However, the infection rate of S. mansoni in our study was lower than the global prevalence of 12.18% [44] and confirms the patterns of intestinal decrease in the Senegal river basin which is less and less detected by microscopic examination [35]. This was not the case in other countries such as Sudan [46] and Tanzania with the second having the highest prevalence of 63.5% in pregnant women [13] probably due to the difference in the sensitivity of the PCR kit used. For both S. haematobium and S. mansoni, the higher rates of low-intensity of infection are in line with what was often reported in previous studies in pregnant women in several countries [13, 21, 48,49,50,51,50].
This variation in the prevalence in pregnant women reflects the epidemiological character of schistosomiasis which changes strongly across the countries and even in the same country [53,54,55,54] but will also depend on the diagnostic method used. Today, with the availability of genetic markers, molecular diagnosis is often used to increase the possibility of parasite detection by targeting specific DNA fragments.
The majority of molecular diagnostics of Schistosomiasis in pregnant women was generally Blood-PCR-Based and always showed higher prevalence than microscopic techniques with a rate often more than 40% [15]. Our results demonstrated high prevalence by urine and stool based on qPCR for both S. haematobium and S. mansoni, respectively compared to microscopic diagnostics. Compared to microscopy, PCRs significantly increased the sensitivity of diagnosis for the detection of S. haematobium and S. mansoni in pregnant women. This ultra-sensitivity of qPCR compared to the standard techniques demonstrates its robustness and its performance in comparison with microscopy for the assessment of schistosomiasis prevalence, especially in the case of low prevalence and light egg load, but, also in the prediction of female genital schistosomiasis [55]. Quite large numbers of false negatives at microscopy evaluated by the qPCR were certainly due to errors of the microscopic operator rather than storage conditions as the sample was processed the same day of collection. A double microscopy examination of the negative sample would allow having a higher microscopy and permit these women who were considered negative to benefit from treatment.
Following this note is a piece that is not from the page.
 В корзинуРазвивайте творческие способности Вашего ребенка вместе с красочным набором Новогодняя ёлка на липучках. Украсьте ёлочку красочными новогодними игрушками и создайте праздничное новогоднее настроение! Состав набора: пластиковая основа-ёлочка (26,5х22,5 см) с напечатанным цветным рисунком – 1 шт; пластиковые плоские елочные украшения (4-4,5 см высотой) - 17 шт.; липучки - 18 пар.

Bivariate analysis showed that S. haematobium infection was associated with a younger age group. This can be explained by the fact that most women are young and married and in the area of Richard Toll the young mothers (daughters-in-law) are responsible for household domestic activities such as laundry and dishes, which brings them to more frequently in contact with canal and river water. It’s known that the prevalence and intensity of schistosomiasis decreases with increasing age [56]. In addition, there is evidence that immunity to S. haematobium infection depends on age and therefore affects the prevalence and quantity of eggs in infected individuals [57, 58]. Our results are in accordance with the previous study in the Richard toll area which found a higher overall prevalence of 95% in 2018 in the young participants aged 5–17 years compared to adult patients (54%), aged 18–75 years [35]. Similar results were also observed in Mali, where 11% of pregnant women infected with S. haematobium were aged between 20 and 29 [41], and also in Nigeria where a higher prevalence of 31.5% % was reported in pregnant women aged 20–24 years [42].
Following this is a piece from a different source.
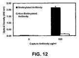 Binding Results: Results are presented inFIG. 12. The data illustrates that in the absence of the first layer capture antibody (capture antibody concentration=0), the non-specific binding of the detection antibody (anti-goat, HRP) is very low (open bars). On surfaces incubated with the goat antibodies, results show that only the biotinylated antibody gives significant signal (solid bars). These results demonstrate that the surface embodiments of the present invention are selective for biotinylated antibody.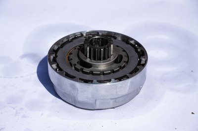 Íme a komplett kuplung, beleillesztve a váltó felé hajtó fogaskerékkel. A főtengely lényegében a kuplungházat hajtja. Ha úgy forgattam a kuplungházat a fogaskerékhez képest, ahogy a motor, akkor szabadon forogtak. Ha fordítva, akkor másfél fordulat után ö

When considering demographic variables, our results show that women attending in the EPS of Richard Toll were significantly more infected than those attending antenatal at the CSS health center. The two structures are located on either side of the Taouey Canal, where women carry out their domestic activities. Although the EPS is closer to the Senegal River, we did not find any significant difference between the women consulting in the two health facilities with respect to the use of water sources. The difference can be attributed to the fact that the EPS is a public establishment that serves pregnant women from various localities in Richard Toll who may not have health insurance. Therefore, they may not receive systematic treatment for schistosomiasis. However, the CSS health center is a private structure that was built by the company for their employees. CSS workers and their families receive systematic treatment for schistosomiasis before and after each agricultural season by the company. Thus, these women were more likely to have a history of treatment of schistosomiasis by PZQ, resulting in a difference in prevalence between the two health facilities. However, more information on the origin of women, the level of access to safe water, and also the length of time in the area, would have allowed a better comprehension of the differences in the prevalence between the two health facilities.
There is no significant difference in the prevalence of schistosomiasis in this study between the levels of education. These results are not in line with the study by Tonga et al. [10] who report that women with higher education levels have more knowledge about the risks of the disease and therefore reduce their contact with infested water making them less infected than the other categories.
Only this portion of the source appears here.